Yoga Therapy in Trauma Care

I have studied a number of courses with Dr Desikachar. They have all been excellent.  Well structured, well prepared, containing excellent information and taught in a timely fashion.  Here I write regarding a course on Trauma or Paritapa that I have studied most recently with Dr Desikachar. 

I have been a psychological trauma specialist for over 26 years.  I was interested to study this course with Dr Desikachar, as I was interested to learn about the connections between Trauma Theory with Yoga and Yoga Therapy.  Right form the outset Dr Desikachar presented several models that I had not come across previously. He built the course gradually, teaching the Definitions of Trauma and basic Trauma theory and types of trauma followed by kinds of Trauma as identified in Yoga Therapy. As this course was for Yoga students who were interested in, but whom may not have previous knowledge of trauma theory, it was necessary to go back to the basics.  The course covered symptoms of trauma both short and long term, and the causes of trauma both from a Western and Yogic perspective.  It them went into the Effects of trauma including Dissociative Disorders.

The concept of Duhkha Samyoga  (the pain trap) was discussed with reference to Modern neuroscience perspectives.  What I found most interesting was the description of the effect of trauma on the Cakra and Prana Systems which is how Yoga understands the impact on the person, and where the transformation process can ensue.  Dr Desikachar covered this in some detail.

The more I study Yoga the more I find that it is both simple and extremely complex.  I find that Dr Desikachar is an entertaining speaker who has a complete grasp of his teaching subject. He has a unique ability to synthesis complex concepts in such a way that the layperson is able to grasp the ideas and concepts.  Furthermore, Dr Desikachar has the ability to integrate Yogic concepts with Western thinking, which is particularly helpful for the Westerner.

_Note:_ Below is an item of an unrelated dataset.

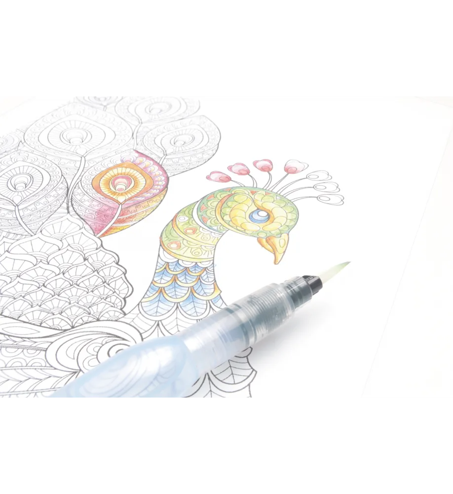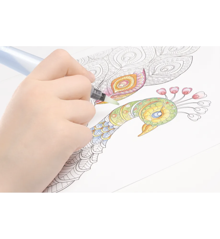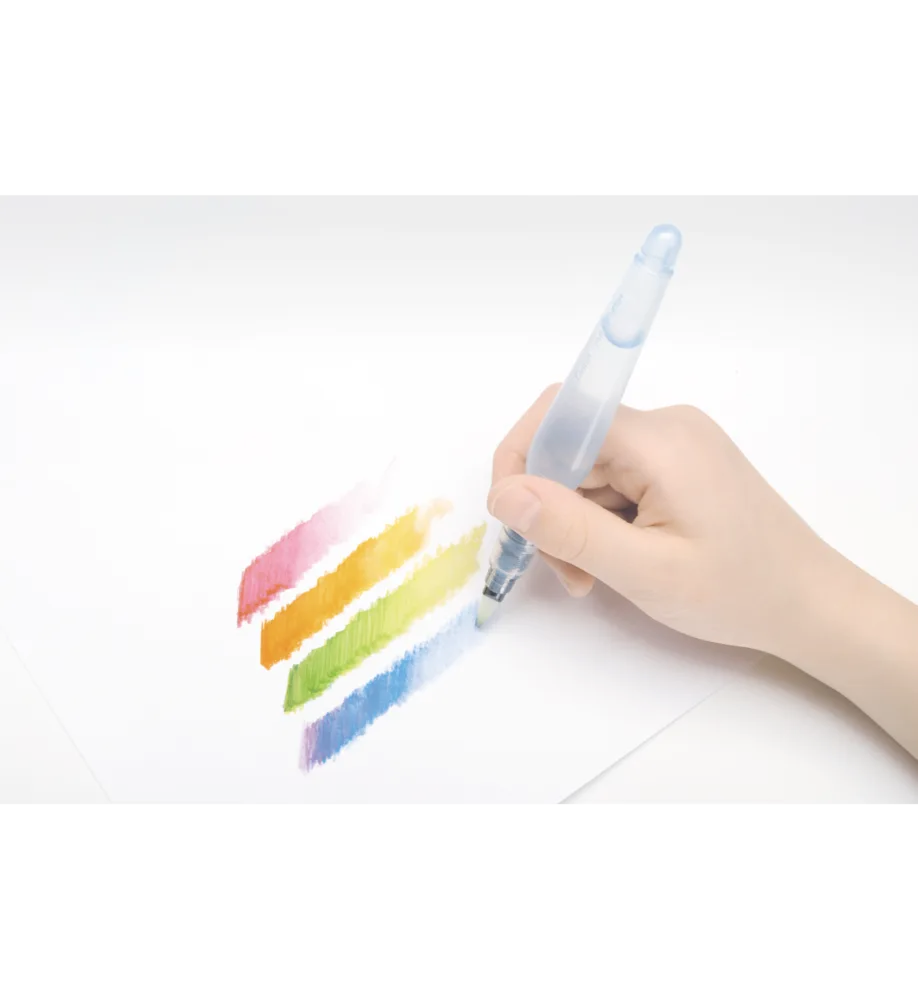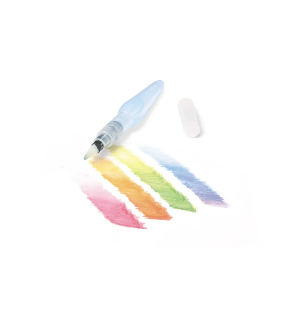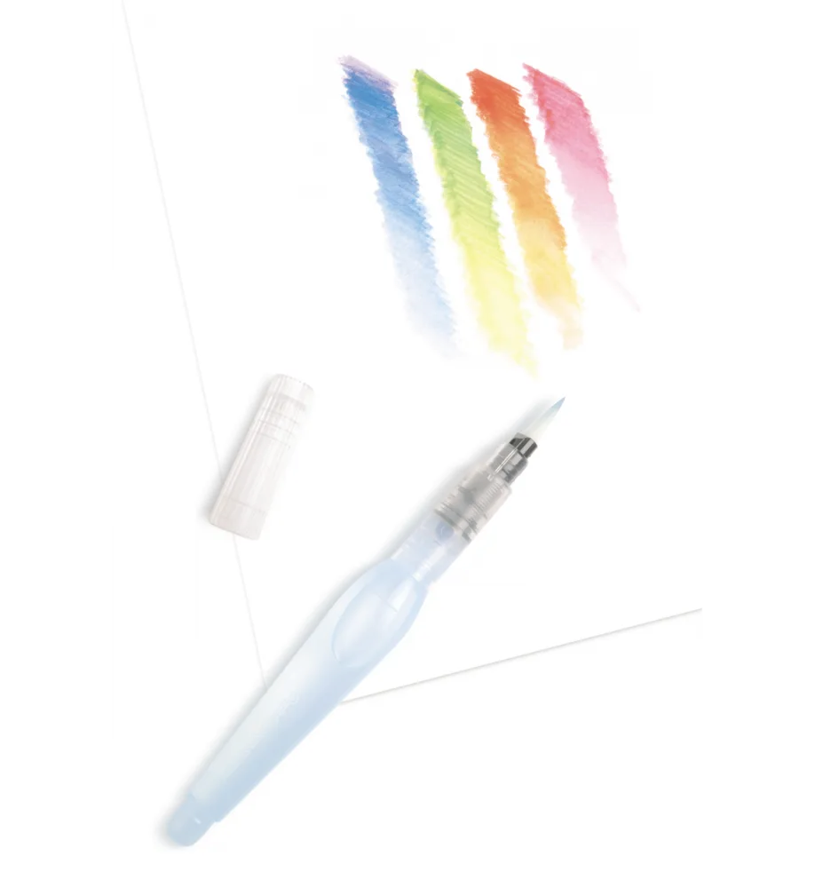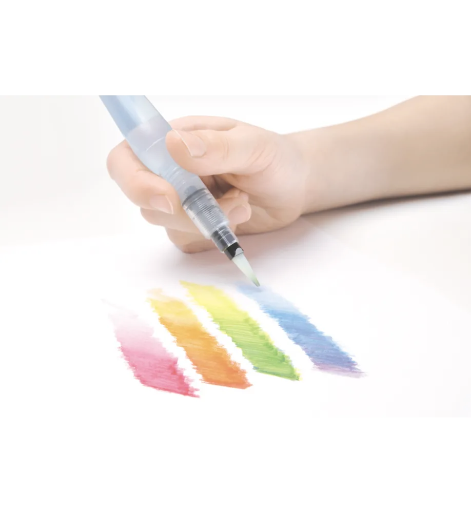 Pędzelek wodny FRH. Niezastąpiony w pracy z akwarelami i kredkami akwarelowymi. Do tworzenia ilustracji, pejzaży, melancholijnych obrazów. Prosty w obsłudze, łatwy w czyszczeniu (moczymy go w wodzie). Służy do rozmazywania kolorów. Higieniczny i wygodny w użytkowaniu. Zastępuje tradycyjny pędzelek i kubek na wodę. Przezroczysta obudowa pozwala kontrolować ilość płynu w zbiorniczku. Poprzez delikatne ściśnięcie obudowy doprowadzamy wodę do końcówki.

What delighted me the most about this course was the description regarding “Re-negotiation” in treatment.  Here was a Yogic description of a treatment process I have developed in my own work, using “Re-negiotiation as a process of Smirti-Sodhana, creating new Samakara-s based on new memories.”  I would now like to follow up with a module purely on treatment.

In most of Dr Desikachar’s courses, personal practice is encouraged, but with the Trauma course this was not delved into, no doubt due to the lack of safety that could ensue if the participants were encouraged to access their own traumatic memories whilst under-going an internet study course without personal support.  Hence the material in this course was kept at the cerebral level rather than the personal. 

In short, I would highly recommend this course to students who wished to learn about Trauma seen from a Western and Yogic perspective.  It would suit students of Yoga Therapy or, Yoga Teachers who want a greater understanding of aspects of functioning their Yoga students may be dealing or struggling with.